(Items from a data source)
________
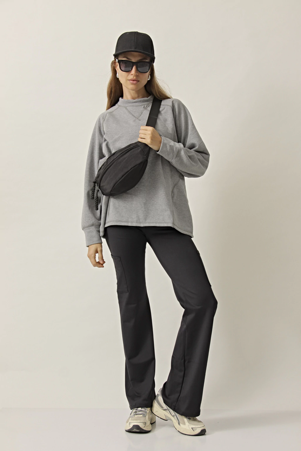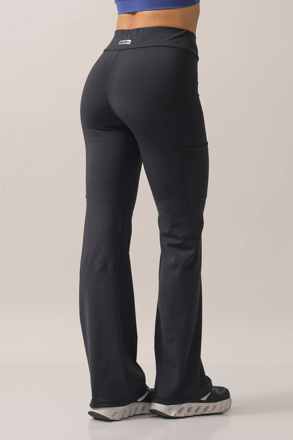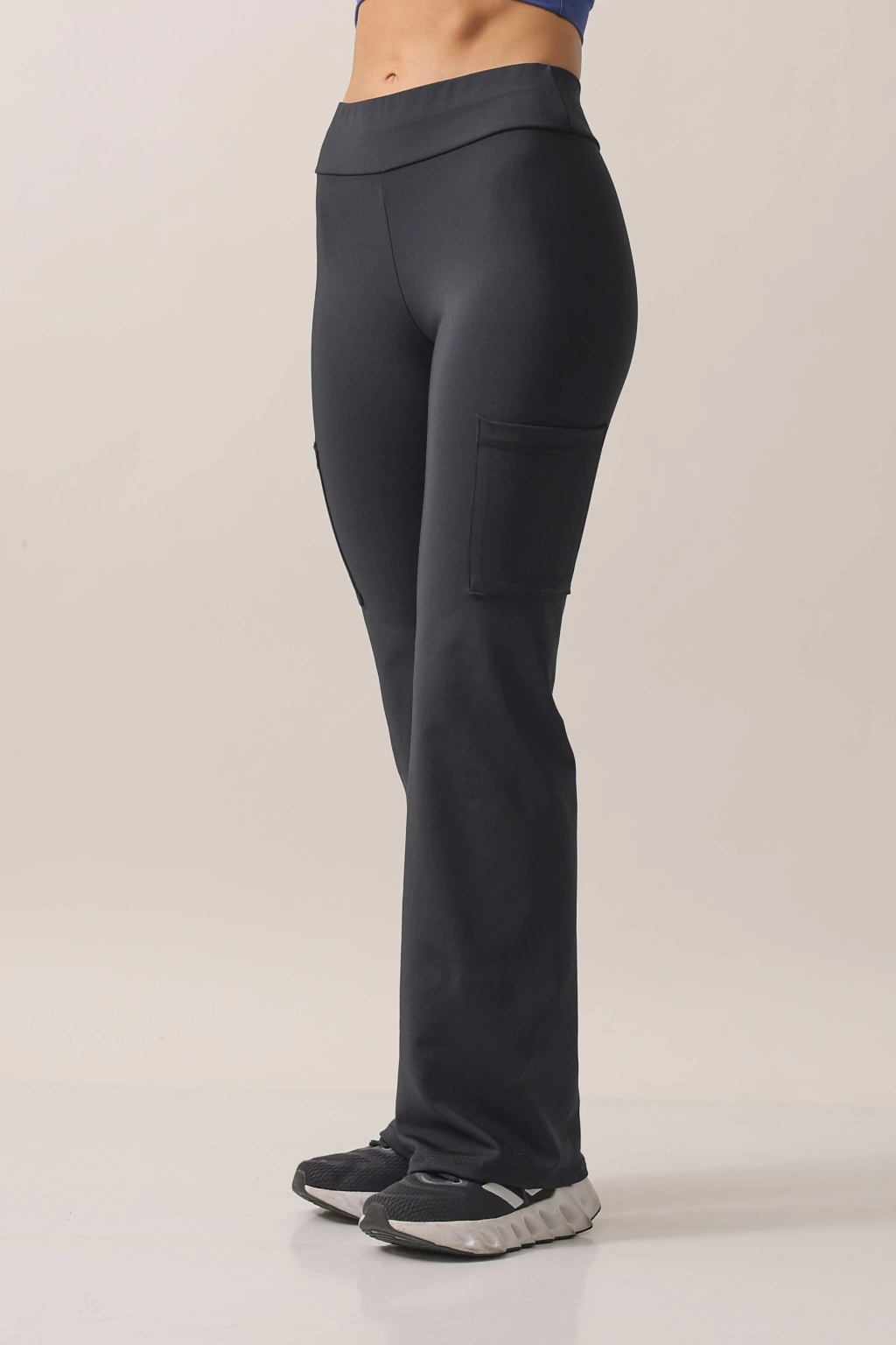 Calza recta con bolsillos en laterales, tiro alto en Microfibra elastano.
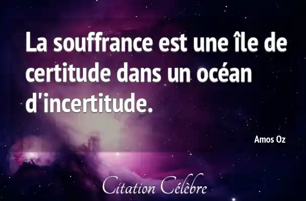 La souffrance est une île de certitude dans un océan d'incertitude.
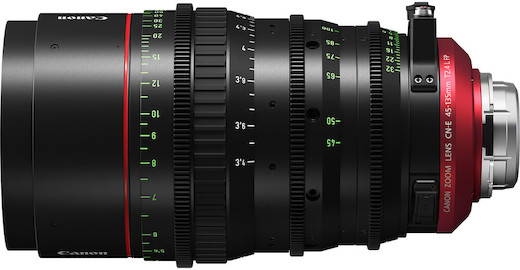 Cine Lens Build. The CN-E 45-135mm is enclosed in a traditional video-lens housing. Its focus, zoom, and iris rings have industry-standard gears and 0.8mm pitch, so you can use most standard follow focuses and other third-party accessories. This lens offers a focus-rotation angle of approximately 300 degrees, allowing for long focus throws. Its two-foot minimum focusing distance makes it possible to shoot in tight spaces.
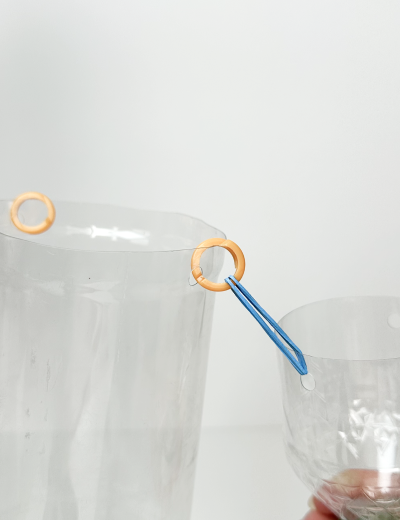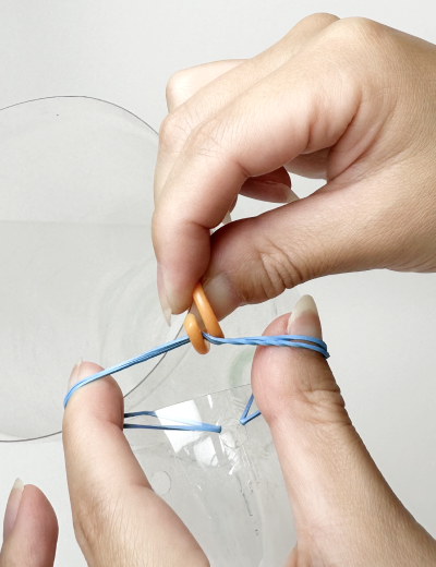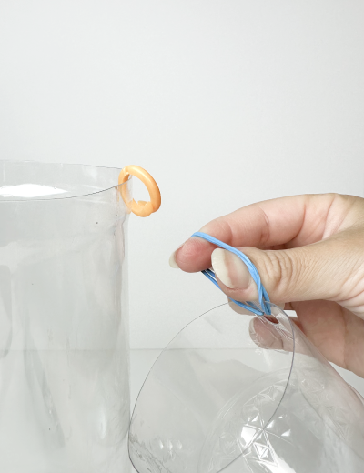 ペットボトル大の外がわから、わゴムをリングにさしこんでいきましょう。
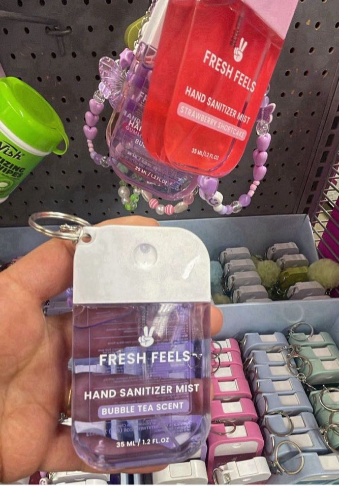 A portable hand sanitizer mist in a convenient keychain format, available in various scents. This item is perfect for on-the-go sanitization.
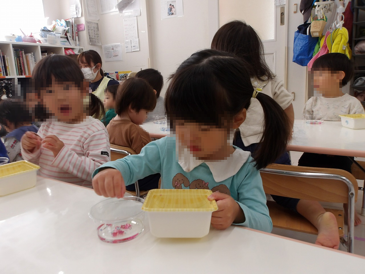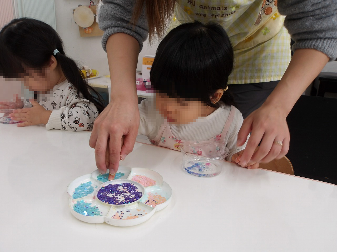 今週もクリスマスツリーを飾るオーナメントを作りました。水のりの入ったカップに自分の好きなビーズやスパンコールをカップに入れて終わり(^-^)!
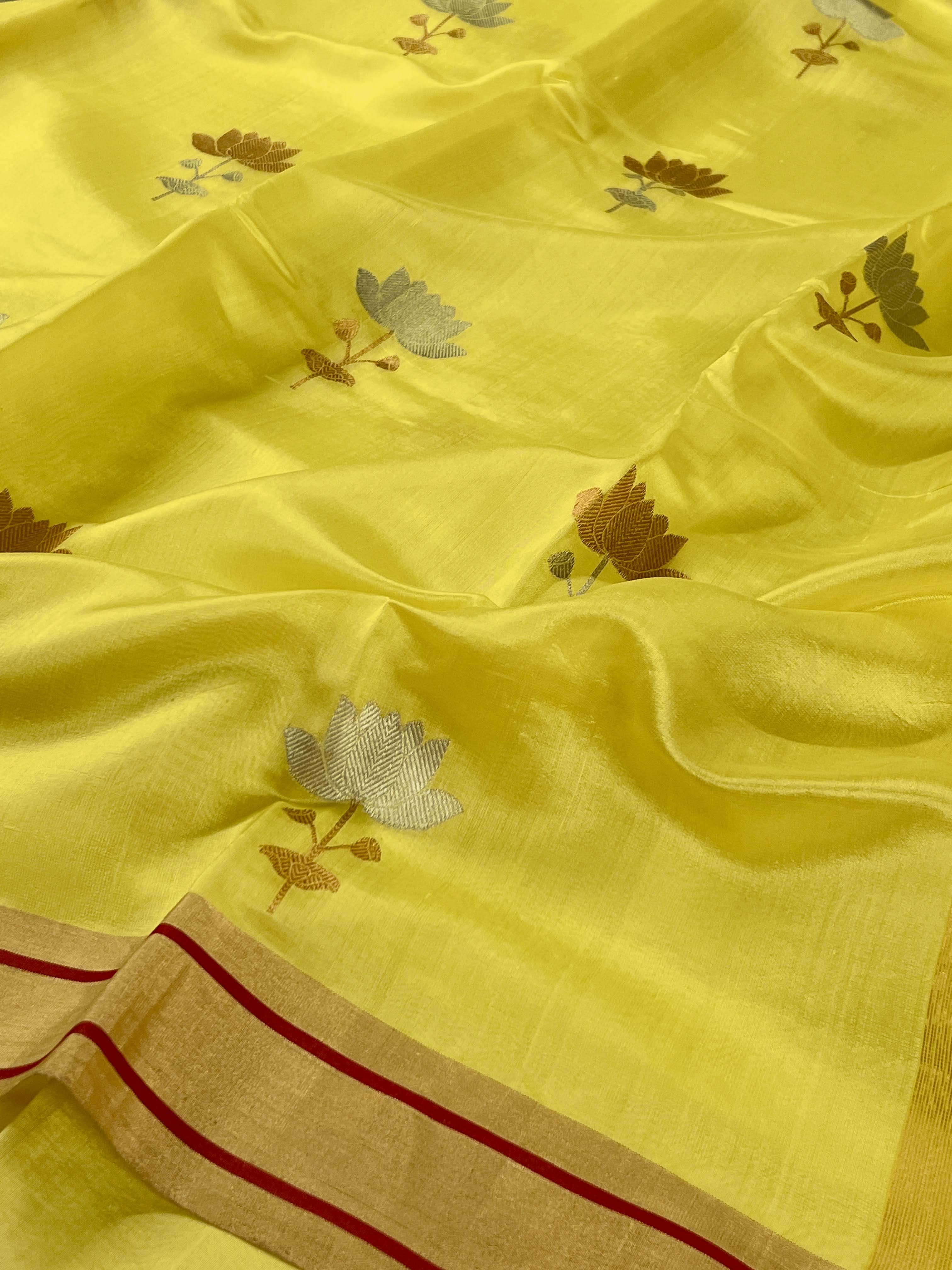 Neon yellow chandheri silk saree
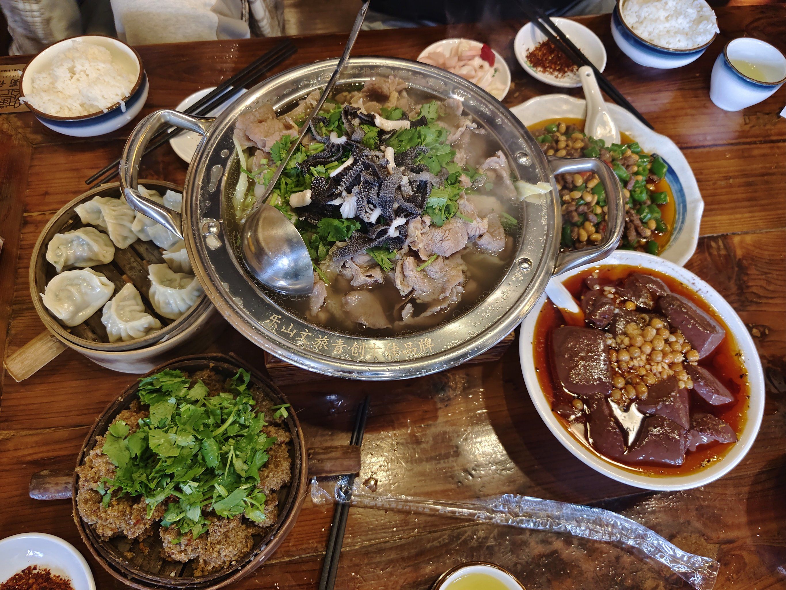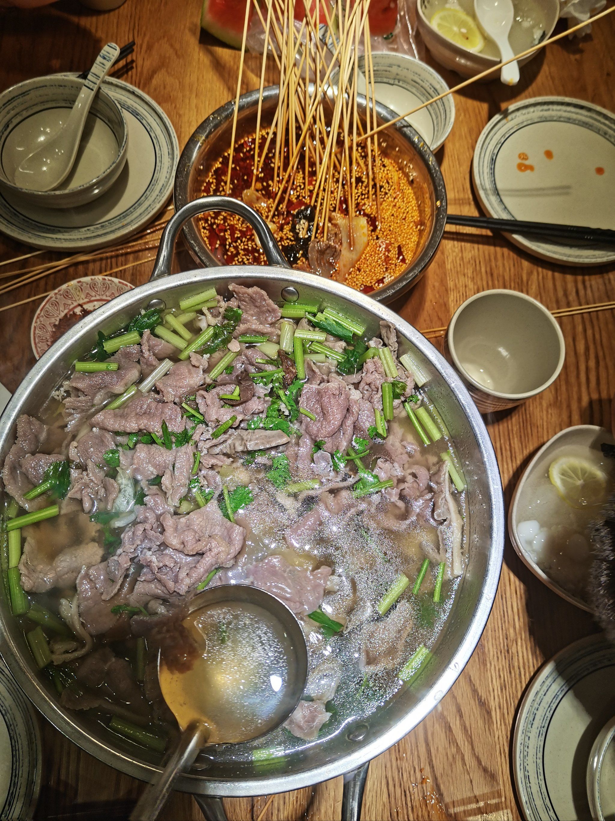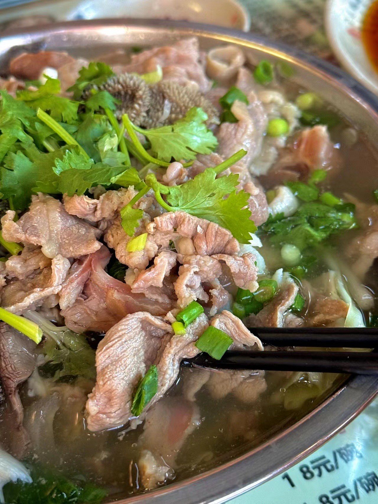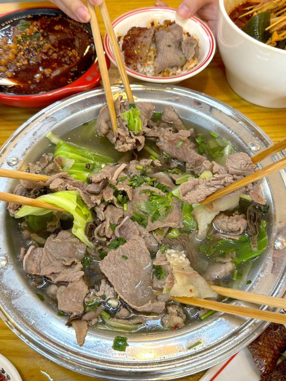 烫制:将切好的食材放入专用的小竹篓或大漏勺中,在滚烫的牛肉汤中烫制。牛肉片烫5-8秒,牛百叶烫1分钟,牛杂烫40分钟。
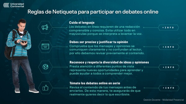 Los debates en línea requieren de una redacción comprensible y concisa. Evita utilizar todo en mayúsculas porque se interpreta a levantar la voz.
________
What you need to do – Find the line containing "Cine Lens Build.", then extract it and every line after it to the end of the data above, exactly and nothing else, without pictures.

Response –
 Cine Lens Build. The CN-E 45-135mm is enclosed in a traditional video-lens housing. Its focus, zoom, and iris rings have industry-standard gears and 0.8mm pitch, so you can use most standard follow focuses and other third-party accessories. This lens offers a focus-rotation angle of approximately 300 degrees, allowing for long focus throws. Its two-foot minimum focusing distance makes it possible to shoot in tight spaces.
 ペットボトル大の外がわから、わゴムをリングにさしこんでいきましょう。
 A portable hand sanitizer mist in a convenient keychain format, available in various scents. This item is perfect for on-the-go sanitization.
 今週もクリスマスツリーを飾るオーナメントを作りました。水のりの入ったカップに自分の好きなビーズやスパンコールをカップに入れて終わり(^-^)!
 Neon yellow chandheri silk saree
 烫制:将切好的食材放入专用的小竹篓或大漏勺中,在滚烫的牛肉汤中烫制。牛肉片烫5-8秒,牛百叶烫1分钟,牛杂烫40分钟。
 Los debates en línea requieren de una redacción comprensible y concisa. Evita utilizar todo en mayúsculas porque se interpreta a levantar la voz.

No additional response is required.